A ceci près que trop souvent, à la noblesse des intentions, s’allie comme une dilution totale de la forme, la mise en scène, le cinéma dans la compassion pour les victimes de ce statu quo, l’affadissement pur et simple de films jamais à proprement parler « mauvais » (quoique certains…), mais rarement vraiment bons non plus (à l’exception du beau Kes, Family life, Regards et sourires, et surtout de Ladybird et Sweet sixteen, seuls de ses films à regarder la vraie violence, la vraie cruauté de la vie en face, ou en tout cas la représenter sans fard) à force de bonnes intentions.
The Gamekeeper (1980), encore inédit dans nos salles, a en ce sens le mérite de justement privilégier le quotidien d’un travailleur, la pratique de son métier de garde-chasse élevant des faisans en vue de leur chasse prochaine par le duc qui l’emploie. Film élégant, très fluide dans son approche réaliste du sujet, permettant notamment de mesurer à quel point Loach, quand il le veut bien, peut être un extraordinaire filmeur, à défaut d’un grand metteur en scène. Regarder The Gamekeeper équivaut pour ainsi dire à partager le pur plaisir du passage des saisons – un peu à la manière de l’exemplaire Lady Chatterley de Pascale Ferrand – et l’absence de drame réel accompagnant la vie de ce gamekeeper et sa petite famille.
Là où à l’inverse Raining Stones (1993), film culte pour nombre de loachiens, sommet de l’œuvre si l’on se réfère aux critiques dithyrambiques de l’époque, marque bien l’abandon par le cinéaste de tout souci esthétique au profit, nous le disions, de la solidarité. Nous accompagnons donc Bob et Tommy, deux attachants prolos à la misère soulignée par l’immuable tenue vestimentaire (éternel survêtement pour l’un, vieux bonnet pour l’autre), l’allure de chiens errants au bout du rouleau, mais surtout l’énumération dans au moins une scène – sinon plus – de leurs galères et impasses du moment.
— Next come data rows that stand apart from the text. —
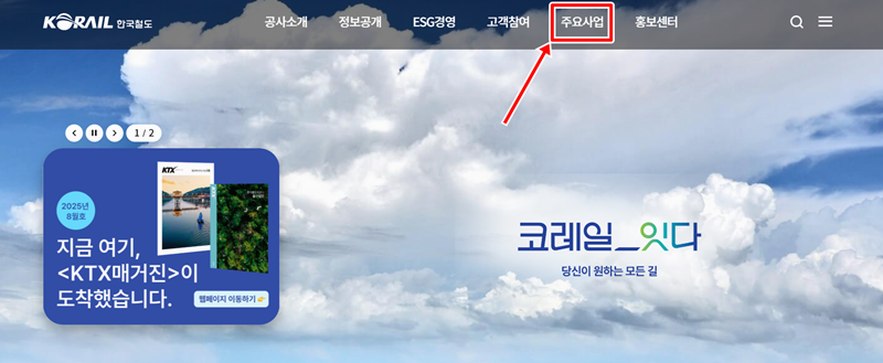 1. 시작점은 코레일 홈페이지 메인 화면입니다. 상단에 있는 여러 메뉴 중에서 '주요사업'을 찾으면, 여객 수송뿐만 아니라 물류, 자산 개발 등 코레일의 다양한 활동에 대한 정보를 얻을 수 있습니다.
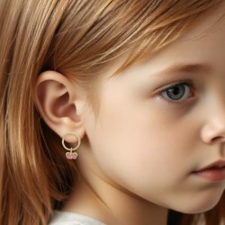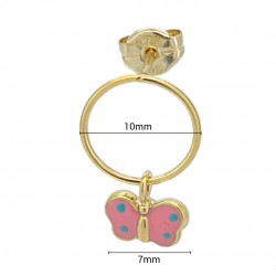 These adorable gold hoop earrings with a pink butterfly charm are perfect for young girls. Designed for comfort and hypoallergenic for sensitive skin. A great gift for special occasions.
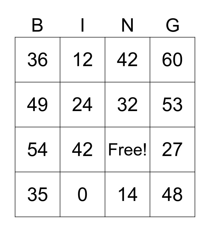 This bingo card has 22 words: 0, 6, 12, 18, 24, 32, 36, 42, Free!, 48, 54, 60, 0, 7, 14, 21, 27, 35, 42, 49, 53 and 70.
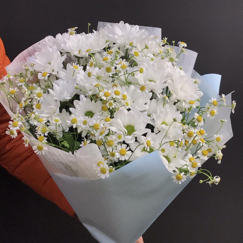 Хризантема кустовая – 5 шт.Матрикария (Ромашка Камила) – 15 шт.бумага дизайнерская – 1 шт.Лента атласная – 1 шт.
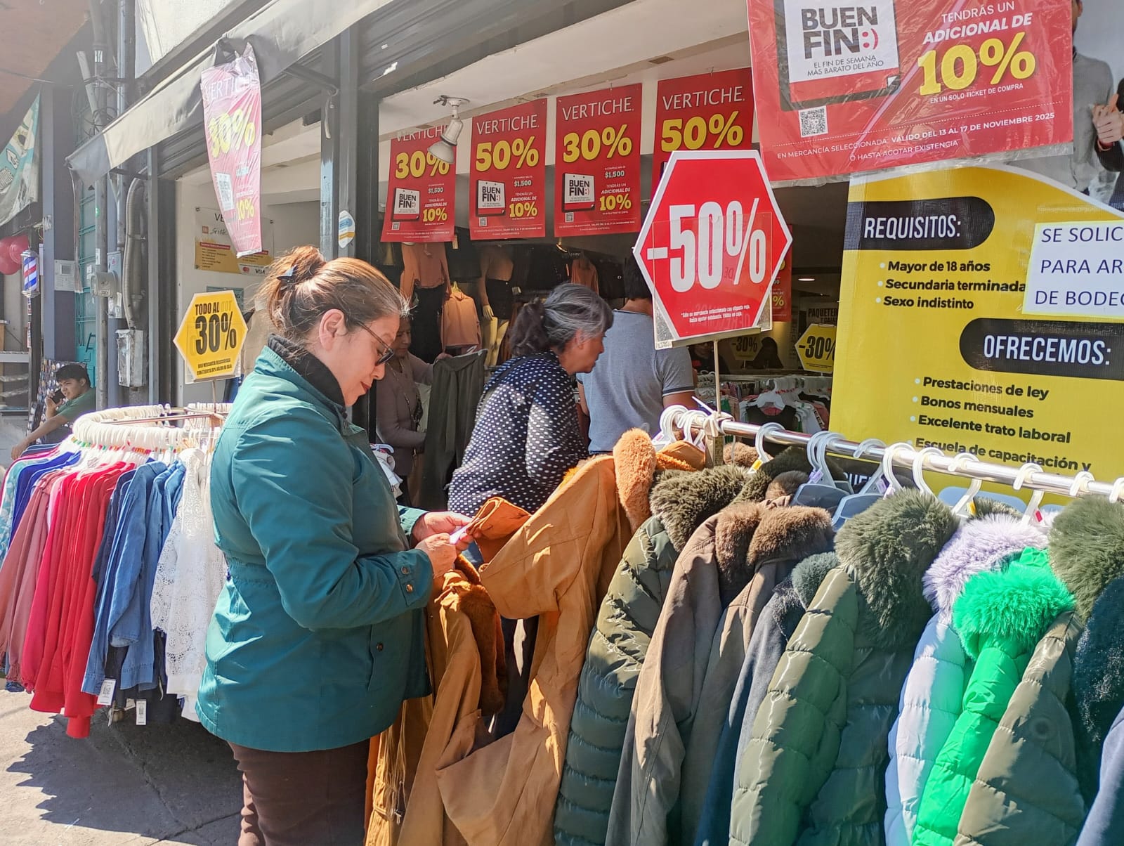 Desde las 7:30 am los vendedores de los negocios fijaron sus carteles en las vitrinas con descuentos desde 15, 20, 25 y hasta un 50 por ciento, promociones de 2×1 y 3×1, así como meses sin intereses e incluso hay comercios que se mantendrán abiertos las 24 horas para que los interesados tengan tiempo de hacer sus compras.
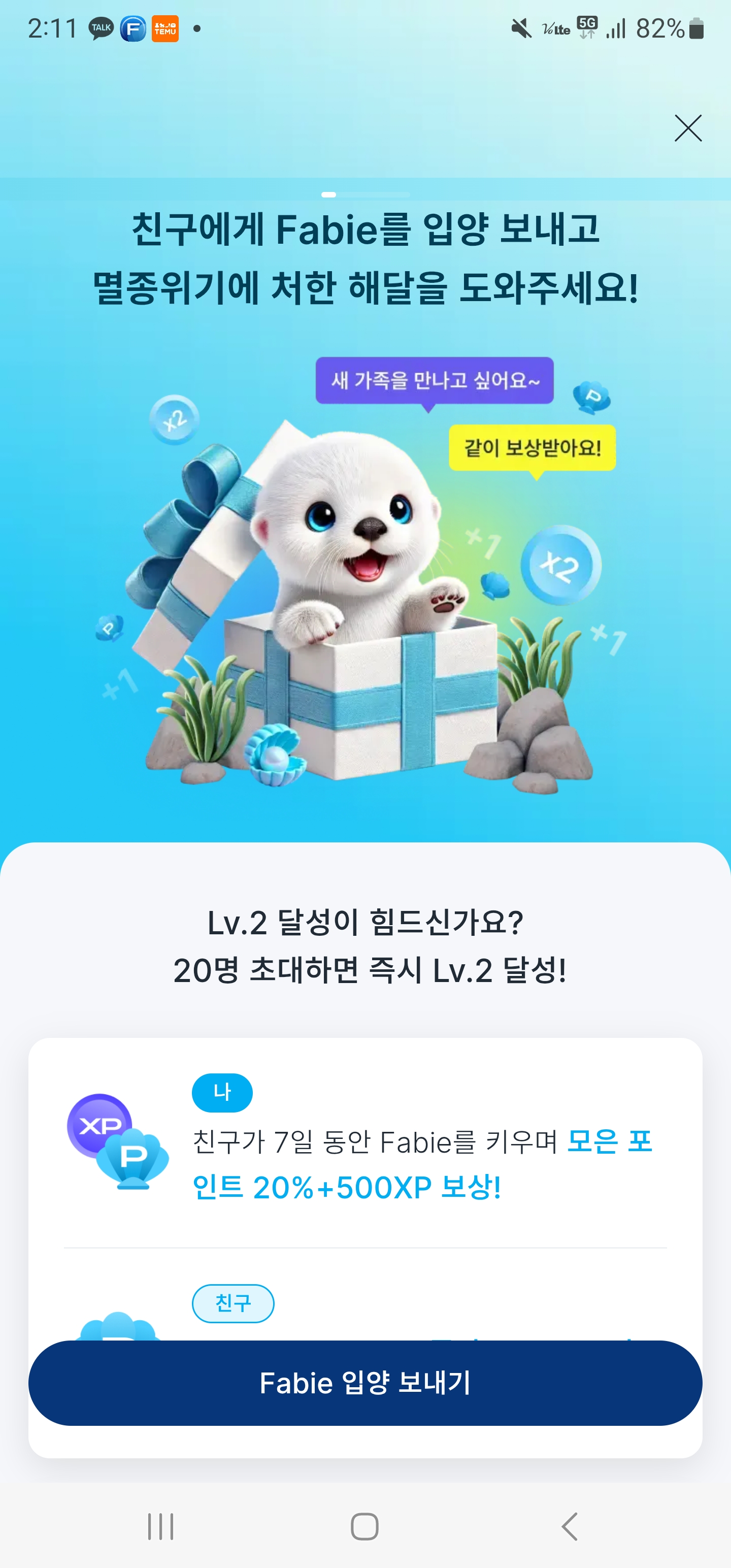 FABLO 수익 극대화의 화룡점정은 바로 친구 추천 시스템입니다. 본인의 추천 코드를 통해 친구가 가입하면, 친구는 2,000포인트를 받고 시작할 수 있으며 본인에게는 무려 2,000포인트 가 즉시 지급됩니다. 여기서 끝이 아닙니다. 그 친구가 미션을 통해 얻는 수익의 일부(약 10%)가 나에게 추가로 적립됩니다.
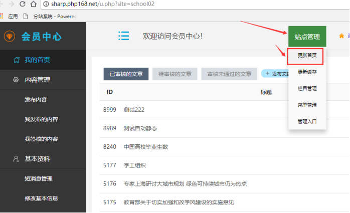 A:進入會員中心-----站點管理---更新首頁 就是一鍵更新了標簽緩存和靜態首頁了。

Une fois encore, la noblesse de l’homme et de ses intentions éclipserait donc en partie la possibilité d’une simple approche critique, d’une évaluation autonome et déculpabilisée de chaque film à sa seule mesure. Car oui, pour quelques-uns, Raining Stones est juste un très mauvais film, mal fichu, pas trop mal joué mais sans plus, même pas vraiment émouvant. L’édition simultanée dans la même collection des coffrets Loach et Beauvois, en même temps qu’elle invite à une réévaluation salutaire et distanciée du style et des convictions de chacun, peut aussi avoir ceci d’assez cruel qu’elle met à jour une autre forme d’inégalité, ne pouvant elle se soutenir d’aucune confusion entre forme et fond : celle d’un point de vue de cinéaste, de l’aptitude d’un homme à la caméra à édifier un film, une œuvre, à partir de ses intentions humanistes (de ce point de vue précis, les deux hommes sont largement égaux, sinon secrètement frères) et non uniquement avec elles. Une inégalité de « regard » ? Probablement.